Friday, 24 January 2014

Steampunk Cheescake!

The Legatus is not really surprised to discover that there is a whole genre of Victorian steampunk cheesecake.  Certainly some of the wargames figures out there fall into this category and I am currently working on one now, although as she is one of the most challenging figures I have ever attempted to paint I'm not going to do any work in progress shots in case, as is quite likely, she turns out to be a total disaster!

Our first picture is by Taiwan-born American comic-book artist Ben Dunne who has actually written a book on how to draw steampunk; and their are quite a few books on this subject.   The young lady's weapons have a seventeenth century look to them.  She illustrates many of the conventions of the genre:  brass back pack, goggles, straps, random clock faces/pressure gauges and an inability to keep her upper thigh covered. Her blouse is more early Edwardian and, in common with a lot of these pictures, she sports anachronistic suspenders (garter belt for our American friends) for her stockings. Dunne was influenced by Manga early on while living in Taiwan as can be seen from her face.

A sword-armed lady this one, channeling Catherine Zeta-Jones, in Zorro perhaps.  Hopeless underwear here: Victorian ladies would have worn knee length drawers, no suspenders and bras hadn't been invented yet.  Probably a scientist could work out exactly how many sword strokes it would have needed to render her into this state.

This is a better effort, although it is let down by the suspenders and the sheer stockings.  The wings are intriguing.

Pistol connected to backpack. Check.  Goggles check!  Random dials attached to stockings. Check.  At least this girl doesn't have suspenders but the required tightness of her garter, in order to support all those brass dials, would surely cut off the blood to her legs.  The gloves are a nice touch but the effort of lugging all that equipment around has given her rather fearsome shoulder muscles.

Our next steampunk heroine, who looks like she may, in fact be the one above her as well, is certainly generating a lot of steam from her enormous, but rather nineteen thirties, backpack. She is encased in a frankly very un-Victorian catsuit affair. Her shoes are wrong so we can’t give this effort a high mark. Where are her goggles? Where are her dials?

More steam in this one and at least she has boots and goggles. Her trousers, vest and screwdriver all put her rather later than the nineteenth century, however.  Still she would make a good engineer (no doubt the Professor's wayward niece) in the engine room of a steam powered tunnelling machine or some prototype land dreadnought.

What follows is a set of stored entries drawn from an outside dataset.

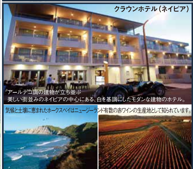
クラウンホテル(ネイピア)

アールデコ調の建物が立ち並ぶ 美しい街並みのネイピアの中心にある、白を基調にしたモダンな建物のホテル。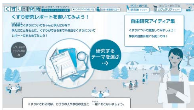
自由研究アイデア集 トップページ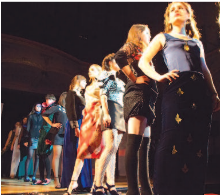
A művészeti lányok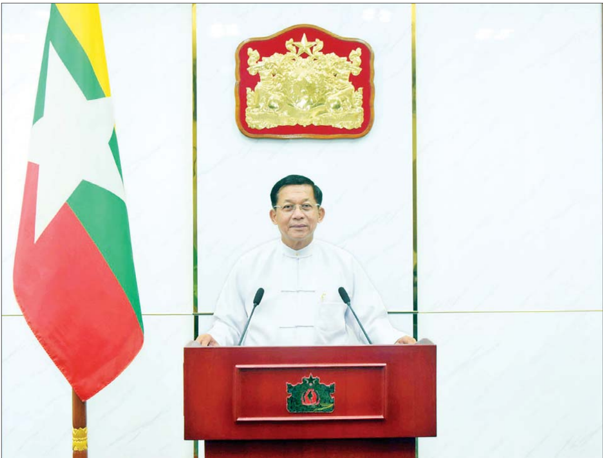
နိုင်ငံတော်စီမံအုပ်ချုပ်ရေးကောင်စီဥက္ကဋ္ဌ နိုင်ငံတော်ဝန်ကြီးချုပ် ဗိုလ်ချုပ်မှူးကြီး မင်းအောင်လှိုင် နိုင်ငံတော်စီမံအုပ်ချုပ်ရေးကောင်စီ၏ (၁)နှစ်ပြည့် နိုင်ငံတော်တာဝန်ထမ်းဆောင်ခဲ့မှုနှင့် ပတ်သက်၍ မိန့်ခွန်းပြောကြားစဉ်။

ကျွန်တော်တို့နိုင်ငံမှာ ပါတီစုံဒီမိုကရေစီစနစ် ရွေးကောက်ပွဲတွေ ကို ၂၀၁၀ ပြည့်နှစ်၊ ၂၀၁၅ ခုနှစ်တွေမှာ ကျင်းပခဲ့ပြီးဖြစ်ပါတယ်။ ဒီရွေးကောက်ပွဲတွေမှာ ရွေးကောက်ပွဲဆိုင်ရာ တိုင်ကြားမှုအချို့ရှိခဲ့ ပေမယ့် ပြေလည်အောင် ဖြေရှင်းနိုင်ခဲ့ပါတယ်။ ဒီ ၂၀၂၀ ပြည့်နှစ်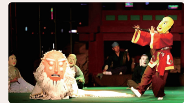
백제어울마당 9.24(토), 10.1(토) _ 공산성, 무령왕릉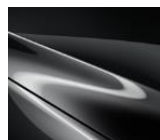
46G Machine Gray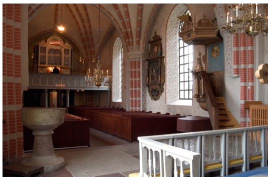
Kyrkorummet från sydöst.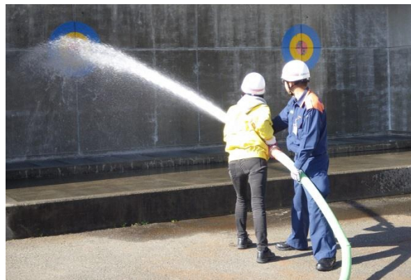
消防学校での消火訓練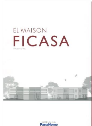
④ 先進の賃貸住宅 「フィカーサ」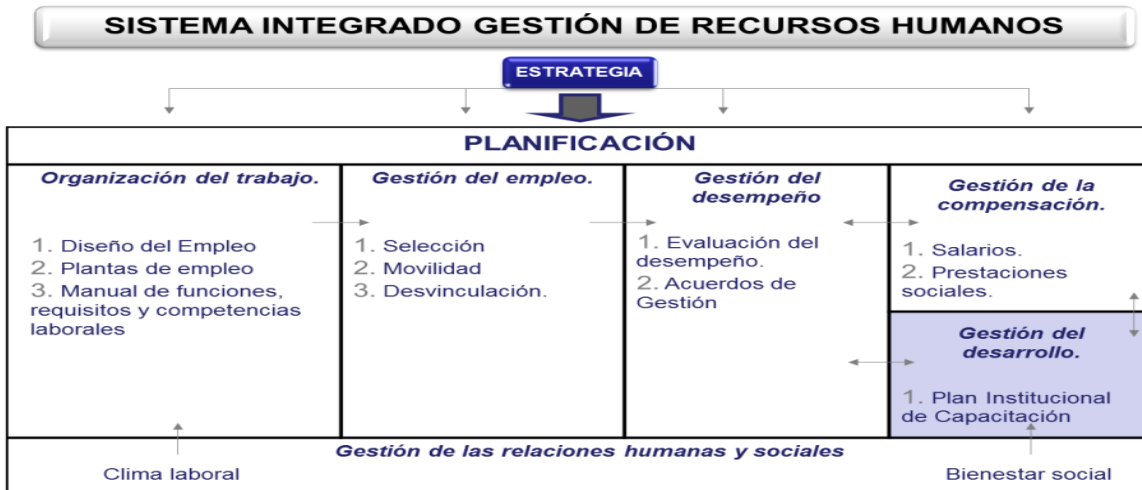
Figura N° 2. Subsistemas de la Gestión del Recursos Humanos. Adaptado de Serlavós, R. tomado de: (Longo, 2002 pág. 15)

Dando cumplimiento con la Planeación Estratégica del Talento Humano, uno de los componentes centrales es la gestión del recurso humano se desarrolla, a través de los siguientes subsistemas: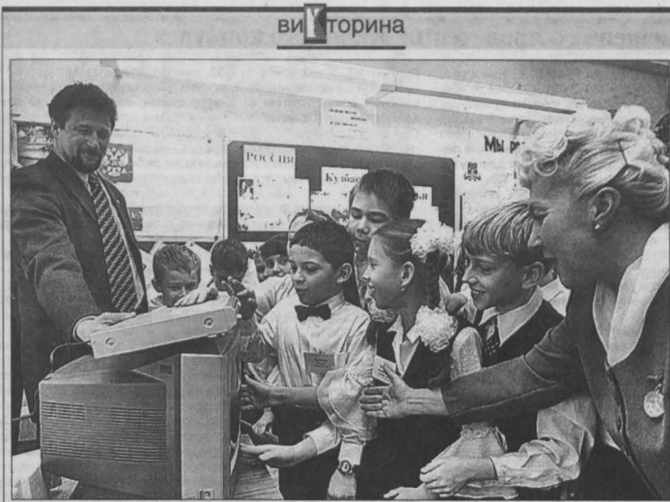
Ученики 3 «А» класса МУО «Лицей № 23» г. Кемерово.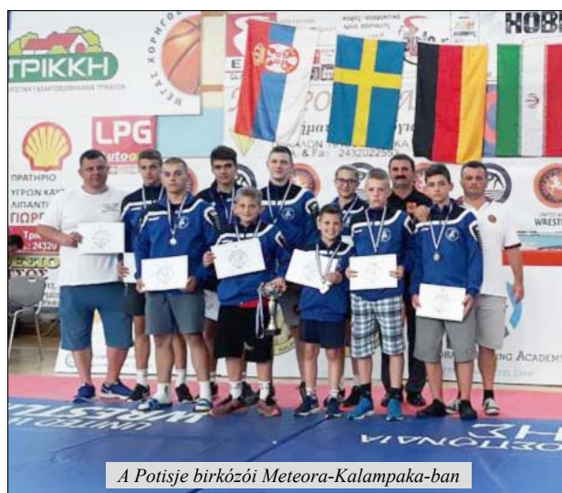
A Potisje birkózói Meteora-Kalampaka-ban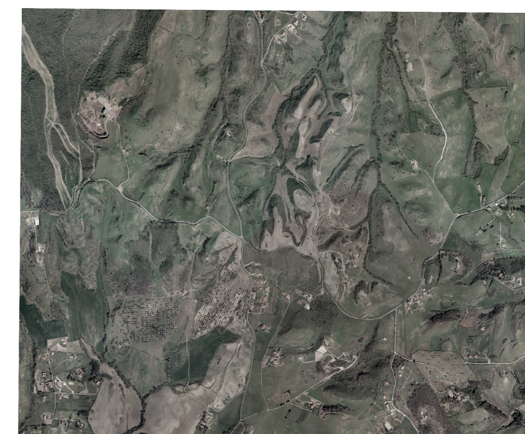
ORTOFOTO Scala 1 : 25000

a) Maccano Romano b) Magliano Romano c) Marano d) Castelnuovo di Porto e) Sacrofano f) Campagnano di Roma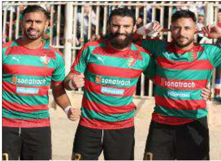
Le MC Alger a pris le large en tête de la Ligue 1 Mobilis.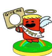
エンジェルポスト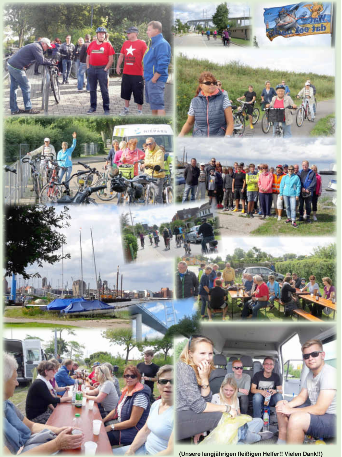
(Unsere langjährigen fleißigen Helfer!! Vielen Dank!!)

Wir haben uns gefreut, dass wieder so viel Radler teilgenommen haben und die Tour so gut vorbereitet war! Danke an die Organisatoren und alle Aktiven!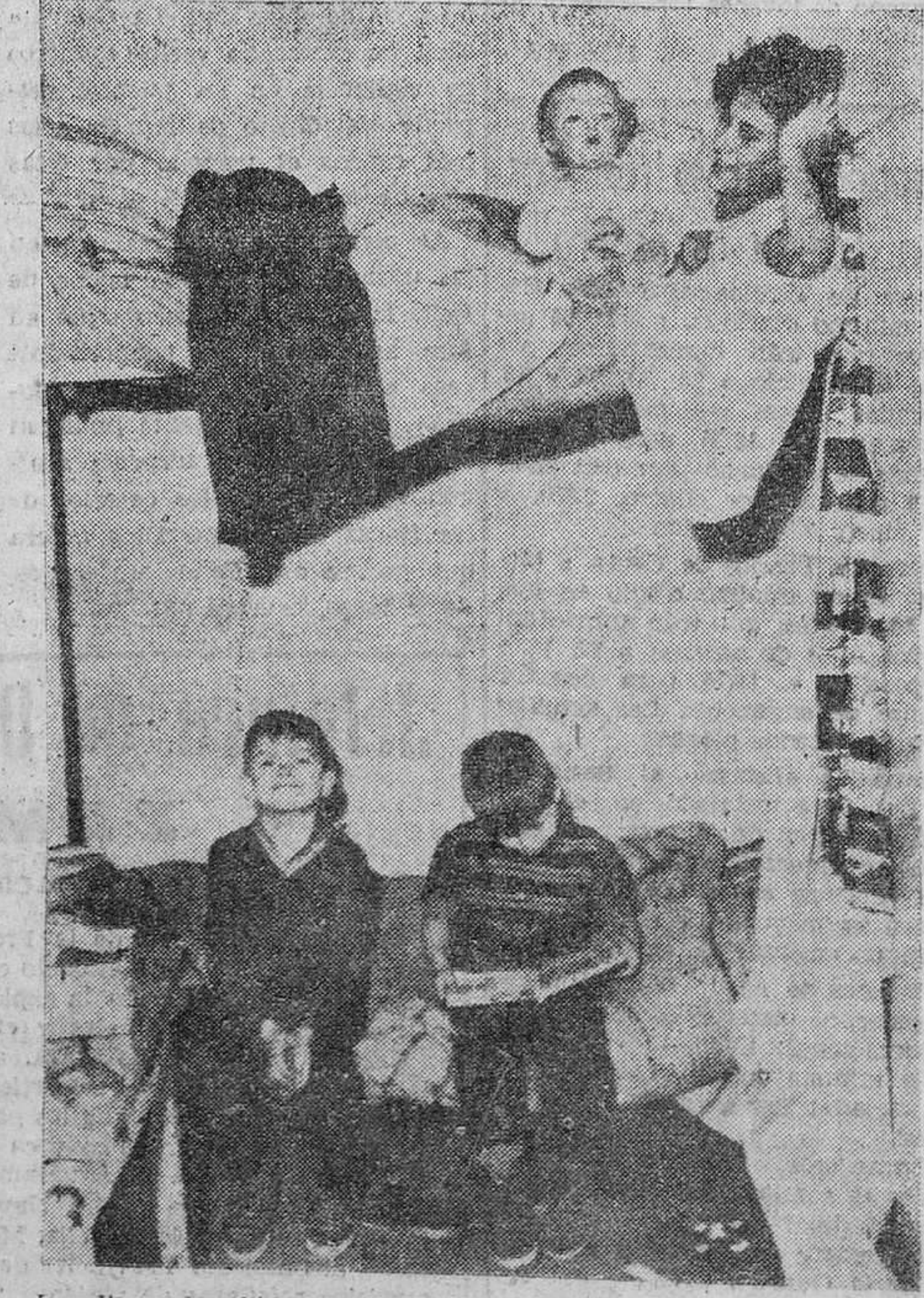
Los llamados "intrusos" de Saint Sylvestre, en Francia, que fueron expulsados de un edificio recién construido en Issy-les-Moulineaux, donde se había introducido al no tener donde alojarse cansados de esperar en los provisionales "Centros de alojamiento" sus demandas de techo, han terminado por construir barracas como la que se ve en la escena familiar de la foto. Una nueva expulsión les amenaza.

A trio of ladies, now, and not a backpack in sight but a very assertively displayed frontpack instead. Goggles straps (one of which appears to be dragging the centre lady’s petticoat rapidly southwards) and big brass-bound pistols are in evidence. There is not much point in having a corset that is so abbreviated that it doesn’t cover the waist, however.   The lady on the right has a nicely sportif hat; ideal for riding or a spot of archery, perhaps.

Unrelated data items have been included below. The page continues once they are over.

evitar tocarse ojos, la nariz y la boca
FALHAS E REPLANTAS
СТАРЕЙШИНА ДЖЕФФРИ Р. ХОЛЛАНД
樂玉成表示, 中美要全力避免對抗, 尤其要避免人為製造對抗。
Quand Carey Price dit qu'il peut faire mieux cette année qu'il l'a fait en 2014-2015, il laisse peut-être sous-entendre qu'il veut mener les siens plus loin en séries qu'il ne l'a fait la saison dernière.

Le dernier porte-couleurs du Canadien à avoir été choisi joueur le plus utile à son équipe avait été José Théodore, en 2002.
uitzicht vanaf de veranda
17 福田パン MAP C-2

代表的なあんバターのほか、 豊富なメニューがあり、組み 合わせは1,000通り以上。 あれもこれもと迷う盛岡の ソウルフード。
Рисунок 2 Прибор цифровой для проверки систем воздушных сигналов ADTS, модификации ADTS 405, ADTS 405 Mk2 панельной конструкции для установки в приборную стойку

This picture of two exhausted looking maids (why are they so tired, we ask?) was the first steampunk cheesecake picture we found. What is that, exactly, gazing at them through the window? Perhaps it is a Victorian gentleman paid to play phonograph cylinders looking for a young lady to moles...,er, impress? A reasonable attempt at the stockings but those knickers are hopeless. The bra, of course, didn’t really catch on until the period of the Great War with the first short, boned camisole appearing in about 1900. It certainly didn’t look anything like this frothy, abbreviated little number.

The final one, I have to say, is my favourite. Not only does the lady look feistily independent but her clothes are much better; with lace cuffs, ankle boots and striped stockings, which were very popular at the end of the nineteenth century. She has a nice hat too. Too many of these ladies are out and about without hats which is certainly not the thing!  The brass encased fingers add the requisite steampunk element as does her fearsome looking pistol

So, I hope to get on with my own steampunk heroine this weekend.  


  1. A wonderful collection of artwork of a charmingly somewhat risque nature!

  2. They are all great in their diversity!
    One of the best discrimative between Victorian SF and Steampunk I read is "Women wear their corset under their dress in VSF, above it in Steampunk" (summarizing well that Steampunk goes further away from historical reality, not only in technology but also in society including fashion). Does it applies also to 'Lacepunk' girls? These would go wall with your Hussarettes!

  3. Legatus, There is a Facebook page called " steam punk world " Filled with very inspiring pictures.

    1. Thanks, but I don't understand Facebook!

    2. I had a look, just out of curiosity... you will definitely like it, I rather think its right up your street:
      (copy and paste above to your browser)

    3. Goodness. What a fine collection of post modern corsetry!